• _EXERCISE DESCRIPTION_:
In this exercise, the entries below include pictures. Repeat exactly the lines from the line with "Toma cargador USB" to the line with "Виріб представлений комодом", including both, but without the pictures.

• _SOURCE RECORDS_:
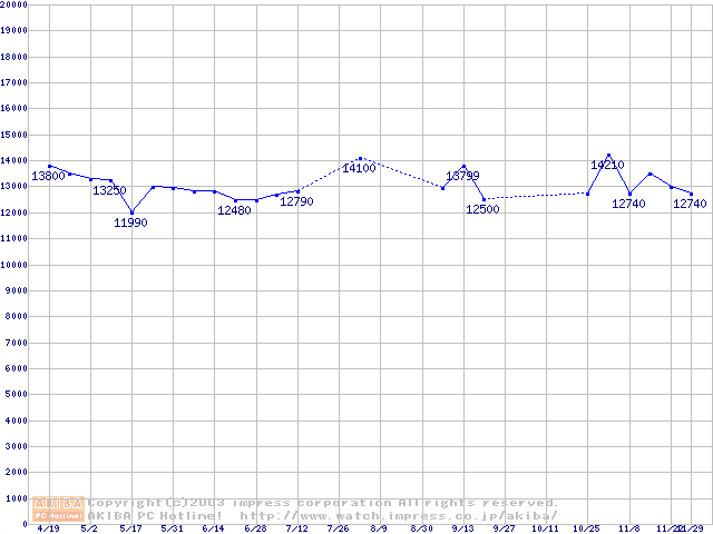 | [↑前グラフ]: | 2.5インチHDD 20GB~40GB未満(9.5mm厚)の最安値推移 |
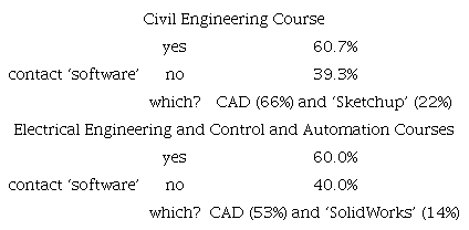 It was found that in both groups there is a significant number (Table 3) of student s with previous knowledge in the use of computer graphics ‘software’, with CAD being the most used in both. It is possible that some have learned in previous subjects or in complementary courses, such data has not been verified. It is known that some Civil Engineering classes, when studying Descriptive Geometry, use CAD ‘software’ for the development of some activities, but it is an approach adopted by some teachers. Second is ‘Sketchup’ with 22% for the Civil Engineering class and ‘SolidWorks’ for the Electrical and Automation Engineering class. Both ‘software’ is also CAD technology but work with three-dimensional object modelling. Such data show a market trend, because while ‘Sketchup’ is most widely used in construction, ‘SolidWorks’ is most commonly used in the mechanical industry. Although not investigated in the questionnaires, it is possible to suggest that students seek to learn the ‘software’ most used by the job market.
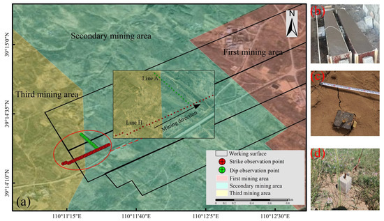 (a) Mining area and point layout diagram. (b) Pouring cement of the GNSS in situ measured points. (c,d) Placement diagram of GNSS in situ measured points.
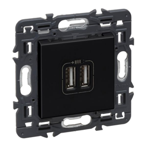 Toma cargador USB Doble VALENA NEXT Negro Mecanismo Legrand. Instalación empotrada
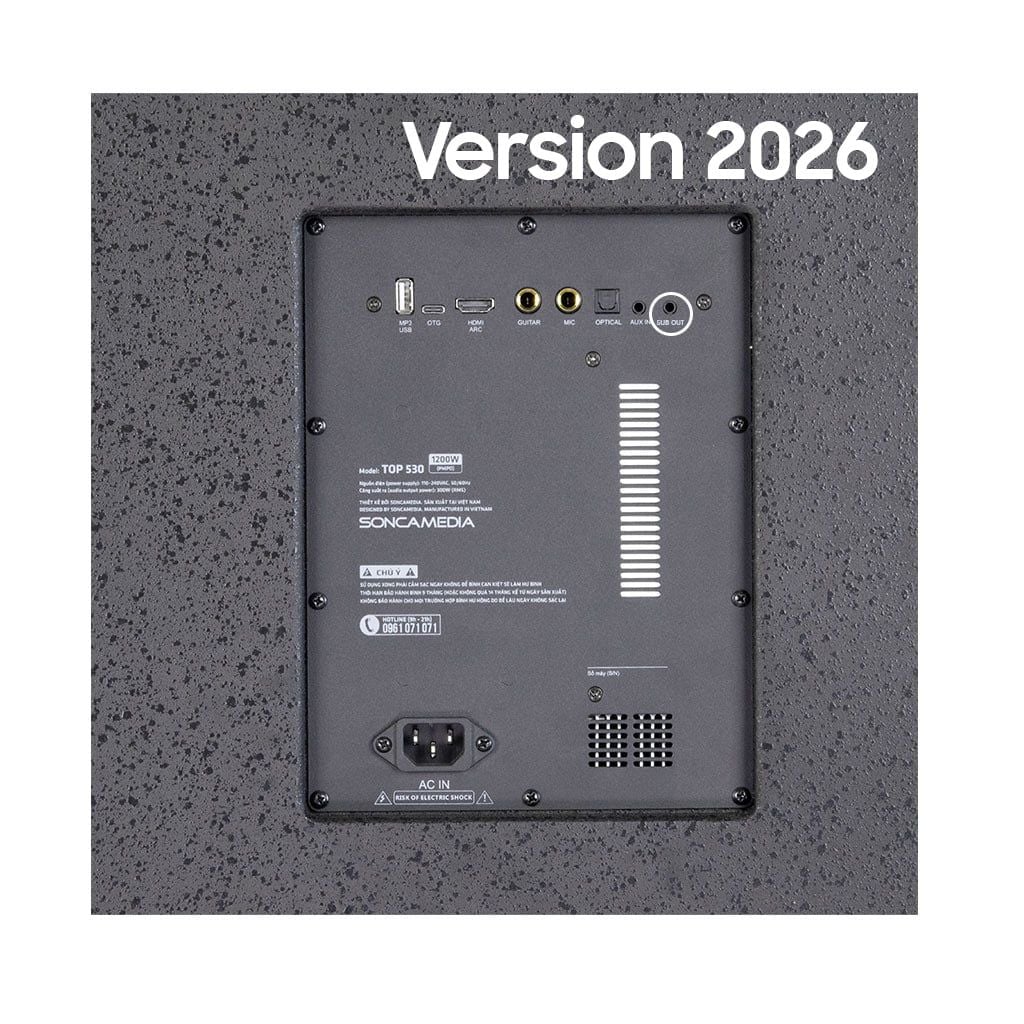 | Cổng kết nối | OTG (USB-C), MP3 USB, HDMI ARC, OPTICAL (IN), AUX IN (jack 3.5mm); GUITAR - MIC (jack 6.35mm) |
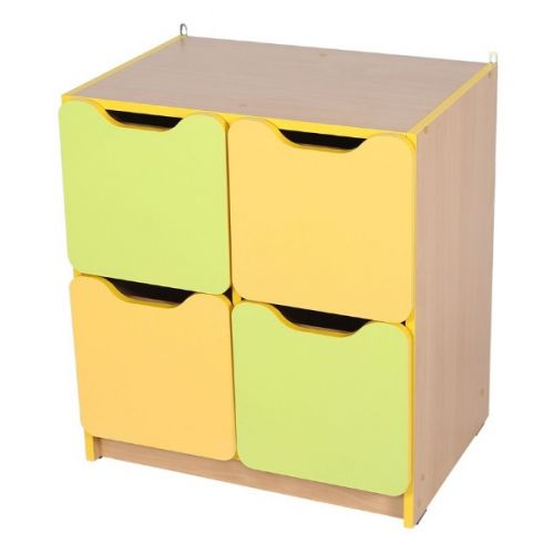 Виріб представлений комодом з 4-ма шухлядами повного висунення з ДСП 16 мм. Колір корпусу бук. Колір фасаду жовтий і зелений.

* * *

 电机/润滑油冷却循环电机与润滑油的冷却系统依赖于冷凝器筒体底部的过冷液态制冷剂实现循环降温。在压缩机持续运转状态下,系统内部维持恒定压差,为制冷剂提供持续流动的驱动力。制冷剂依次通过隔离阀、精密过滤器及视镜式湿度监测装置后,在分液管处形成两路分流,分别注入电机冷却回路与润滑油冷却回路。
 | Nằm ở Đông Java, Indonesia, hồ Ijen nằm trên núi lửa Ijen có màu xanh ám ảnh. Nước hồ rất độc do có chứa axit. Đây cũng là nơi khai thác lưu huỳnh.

---

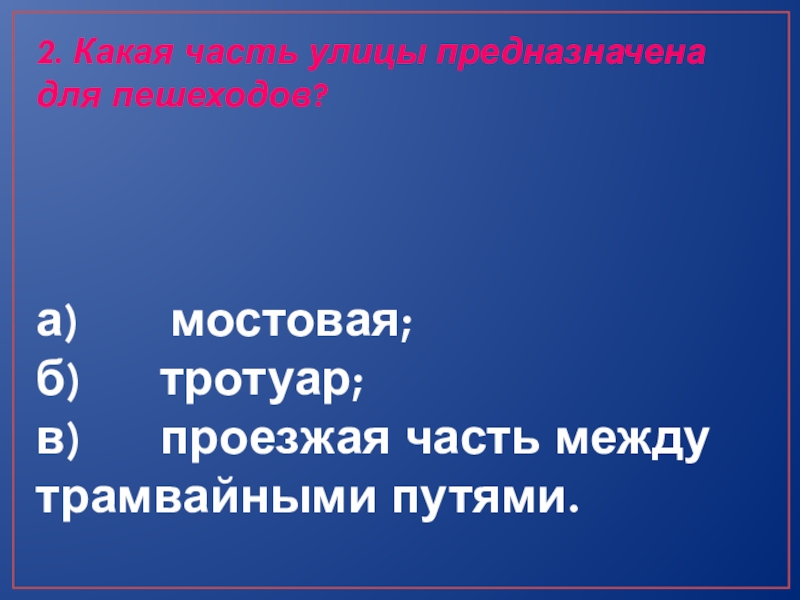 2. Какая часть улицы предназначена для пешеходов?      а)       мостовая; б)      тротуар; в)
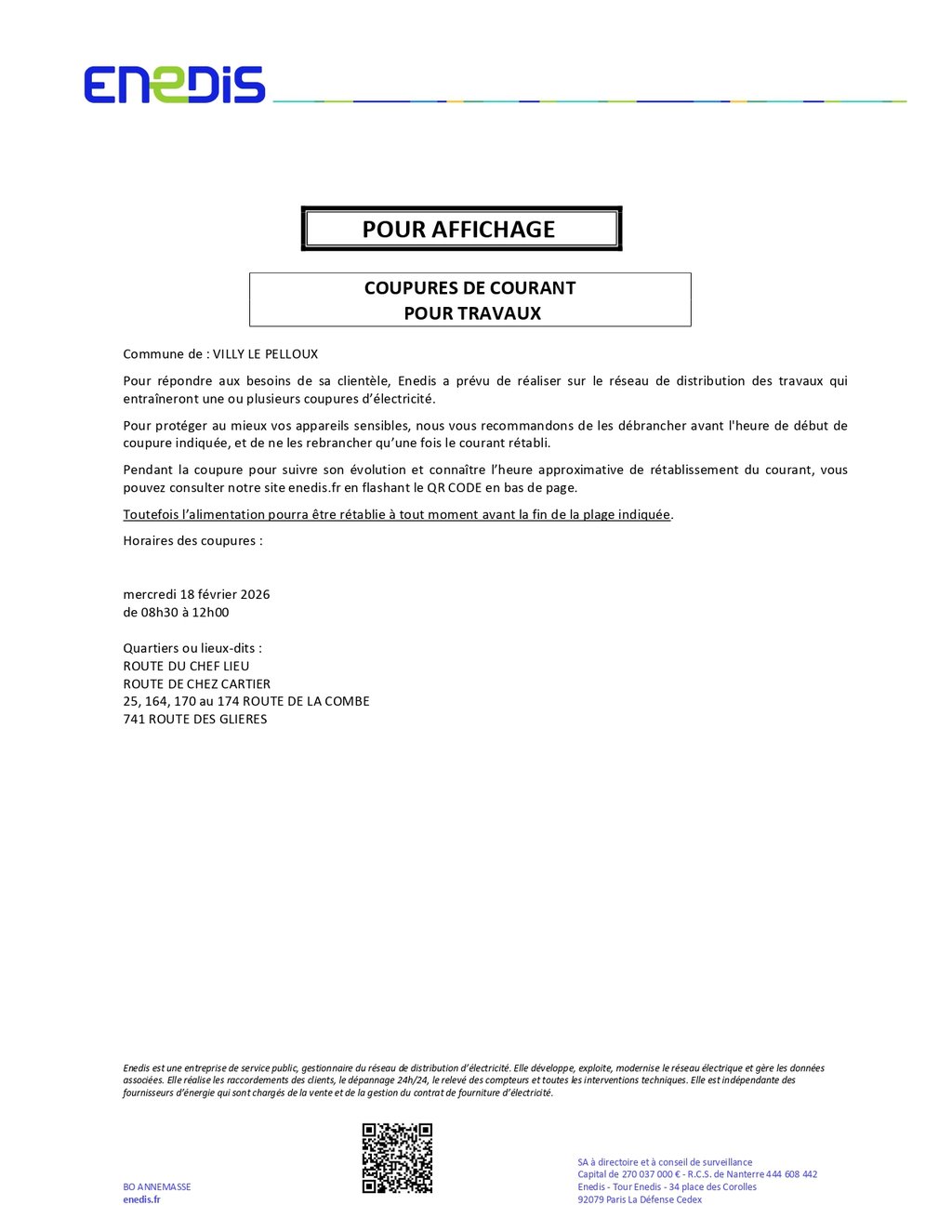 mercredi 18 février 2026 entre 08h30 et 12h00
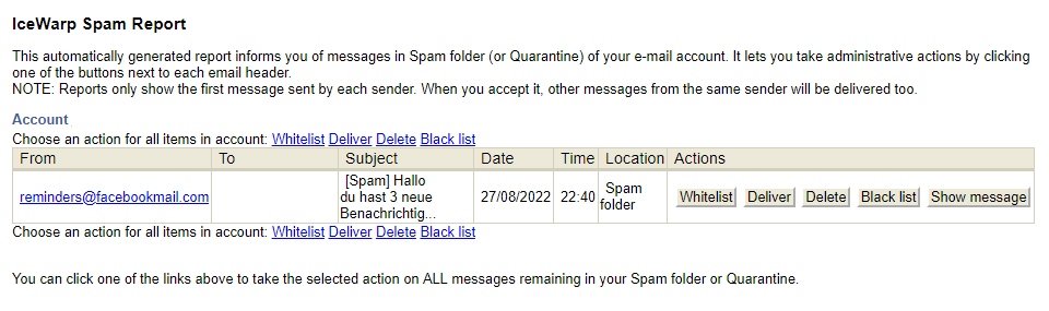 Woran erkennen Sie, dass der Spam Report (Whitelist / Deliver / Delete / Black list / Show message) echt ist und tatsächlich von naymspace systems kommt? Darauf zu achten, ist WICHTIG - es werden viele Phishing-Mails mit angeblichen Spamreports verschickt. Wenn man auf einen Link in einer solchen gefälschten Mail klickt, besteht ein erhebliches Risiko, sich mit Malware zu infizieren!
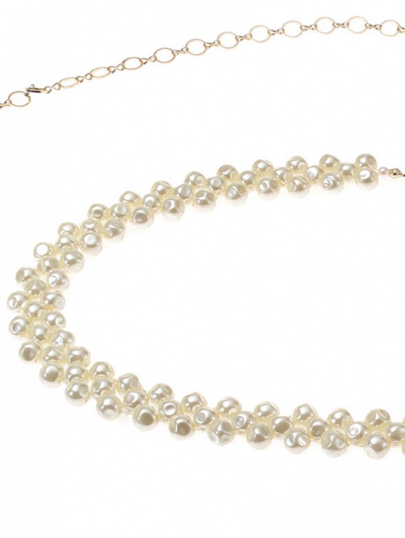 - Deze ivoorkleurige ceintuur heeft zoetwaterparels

• _YOUR RESPONSE_:
 Toma cargador USB Doble VALENA NEXT Negro Mecanismo Legrand. Instalación empotrada
 | Cổng kết nối | OTG (USB-C), MP3 USB, HDMI ARC, OPTICAL (IN), AUX IN (jack 3.5mm); GUITAR - MIC (jack 6.35mm) |
 Виріб представлений комодом з 4-ма шухлядами повного висунення з ДСП 16 мм. Колір корпусу бук. Колір фасаду жовтий і зелений.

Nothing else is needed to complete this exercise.